The post-pandemic labor market is in a unique period. Today, there are a record 9.3 million job openings, leaving employers struggling to staff their companies and satisfy the resurgence in consumer demand. This has pushed businesses to raise hourly wages, offer better compensation packages, and even pay applicants to come for an interview to attract swimmers in the talent pool. But while the pendulum has shifted in favor of employees, it is a double-edged sword: Inflation is eating away at those fatter paychecks. Indeed, it is another hiccup in the nation’s economic recovery, creating a no-win situation for millions of Americans who have endured COVID and the state over the last 18 months.
The Employment Cost Index
The Employment Cost Index, a gauge of overall employee compensation, tumbled in the second quarter and is now 2% below the pre-crisis level, with wages and salaries also expanding at a faster pace than benefits. Although compensation surged at a seasonally adjusted 2.8% during the April-June period, the consumer price index (CPI) ballooned at an annualized rate of 5.4%. Put simply, the rising cost of living is canceling out the gain in earnings.
Everything in the marketplace is becoming more expensive. Food prices are soaring, a gallon of gasoline costs more, and the cost of shelter itself continues to imbibe a greater share of household income. This is in addition to surging tuition, automobiles, and a diverse array of consumer goods. If the skyrocketing producer price index (PPI) and the University of Michigan’s cratering consumer sentiment are also factored into the broader view of the economy, short- to medium-term
“The hot economy is heating prices more than it is heating wages,” said Jason Furman, an economics professor at Harvard University, in an interview with CNN.
Is More Bidenflation Ahead?
White House Press Secretary Jen Psaki recently claimed that the current administration had “long anticipated” higher inflation. However, based on the remarks of President Joe Biden and Treasury Secretary Janet Yellen, nobody in 1600 Pennsylvania Avenue expected the CPI, the PPI, or the personal consumption expenditures (PCE) price index to spike as much as they have. In March, for example, Yellen said at a Wall Street Journal event: “I don’t think there’s going to be an inflationary problem.” She has now conceded that red-hot inflation could be a fixture of the economy for another year.
Even the Federal Reserve had dismissed rising inflation only until recently. The leadership at the Eccles Building has ostensibly evolved on the issue: venturing from inflation not existing to growing costs being transitory. Others, such as St. Louis Fed Bank President James Bullard and Kansas City Fed Chief Esther George, now think it is time to begin trimming the institution’s $120-billion-a-month quantitative easing (QE) program in response to the escalating inflationary picture and rebounding economy.
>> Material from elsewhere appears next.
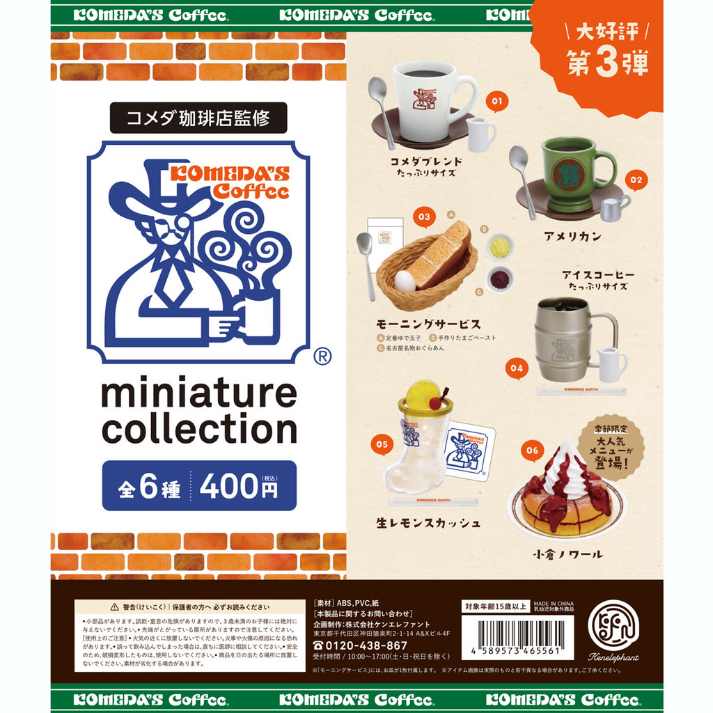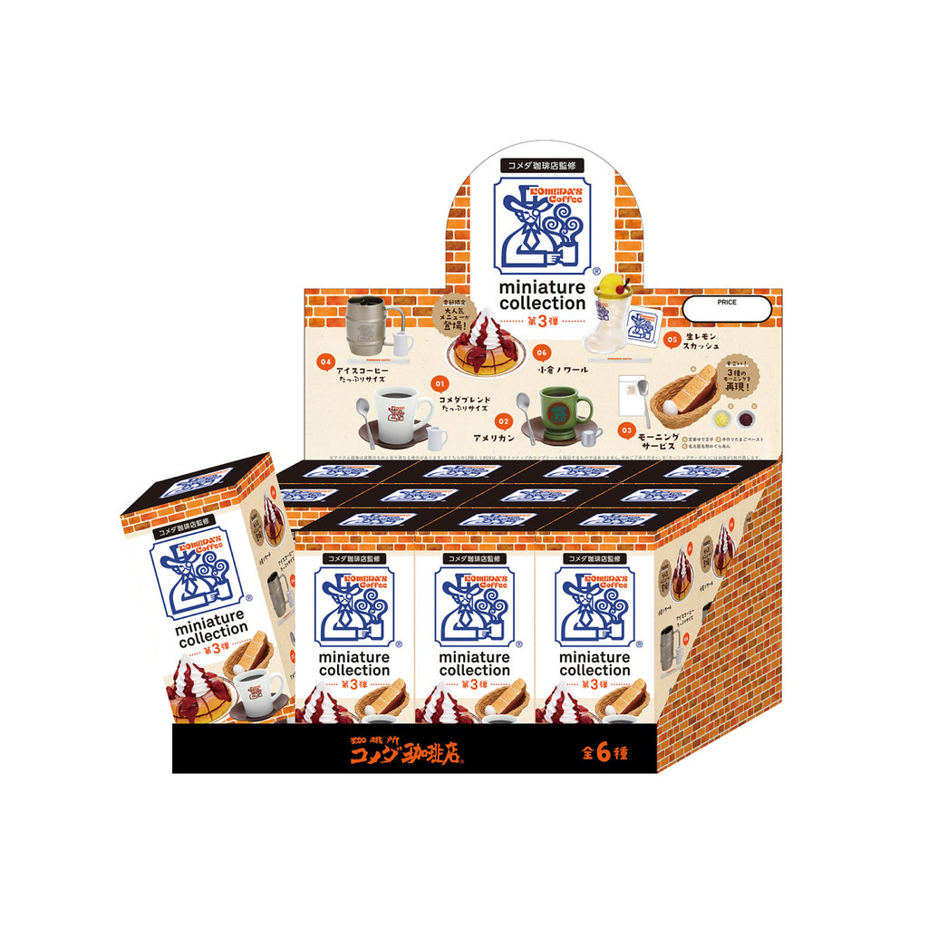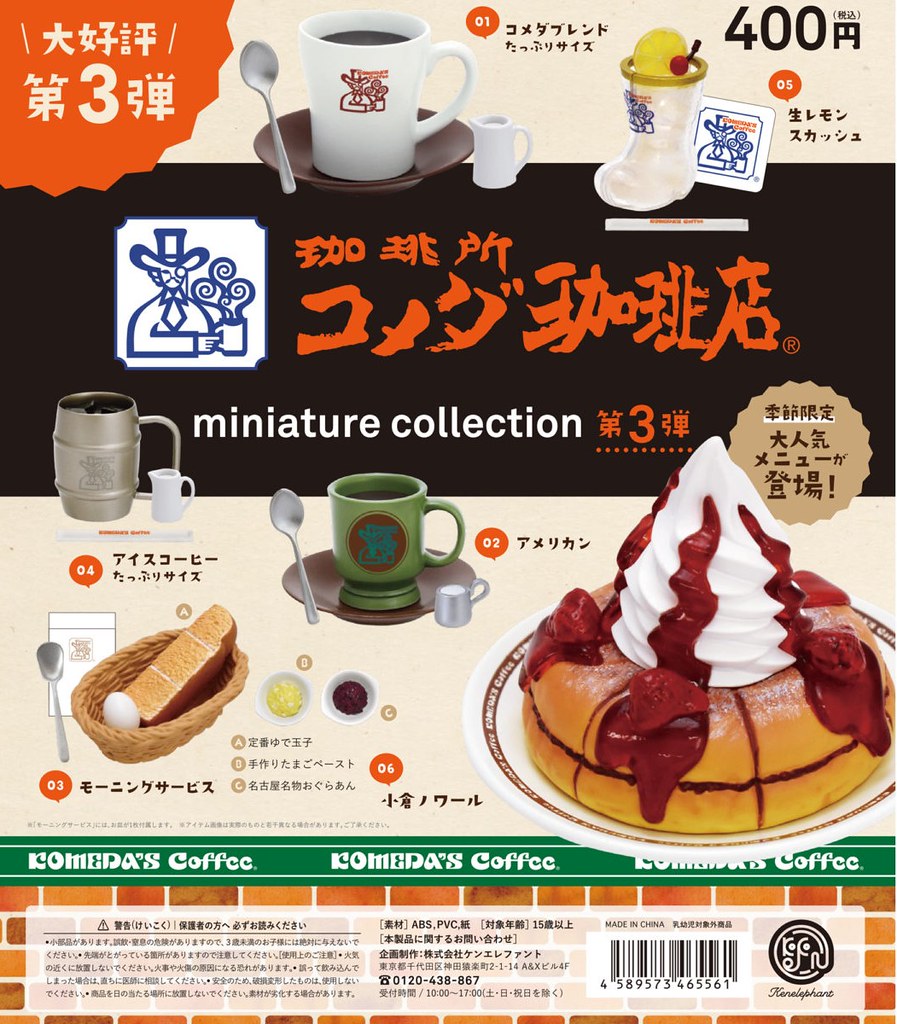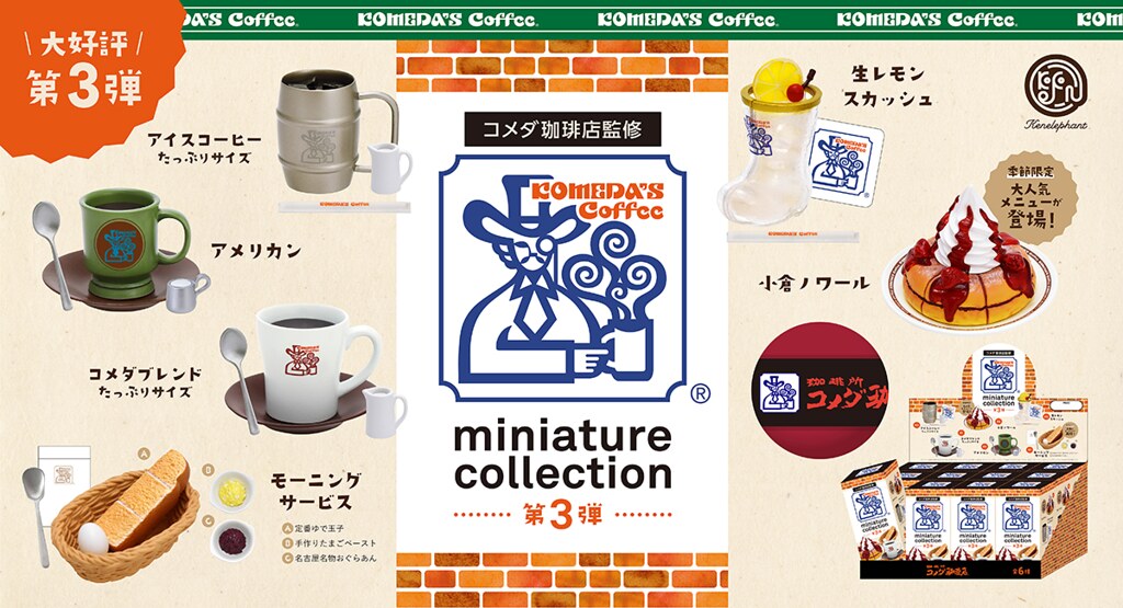 日本玩具公司「Kenelephant」(ケンエレファント)旗下將日本知名連鎖品牌的招牌名物料理化為微縮模型的盒玩系列,將推出以名古屋「Komeda’s coffee 客美多咖啡店」為主題的第三彈作品「珈琲所 客美多咖啡店迷你系列 vol.3」(コメダ珈琲店 ミニチュアコレクション vol.3),一共有 6 種款式,分別推出轉蛋與盒玩商品,預計在 2020 年 7 月下旬時販售。

But, if nothing changes at the monetary or fiscal level, will higher price inflation persist? President Biden has become so desperate to curb energy prices that he is pleading with the Organization of the Petroleum Exporting Countries (OPEC) and its allies, OPEC+, to ramp up output and flood the global crude markets with more oil. The cartel has frozen production for a little more than a year, but as the international marketplace normalizes, the group is beginning to restart operations. With festering demand fears, energy commodities could slip into a surplus, allowing prices to ease and preventing motorists from paying more at the pump.
What’s Next for the Job Market?
The U.S. job market is coming across a myriad of hurdles to overcome: personnel shortages, climbing prices, the spread of the Delta and Lambda variants, and sweetened federal benefits. Another concern is the type of job creation occurring in the United States. The July jobs report was sizzling, but the main problem was that most of the new 943,000 employment gains were restaurant and government jobs. Plus, is it job creation if the economy is recuperating the lost hospitality and leisure positions from before the coronavirus pandemic? At present, workers are in the driver’s seat and steering the economic rebound, but inflation in the rear-view mirror is closer than they may think.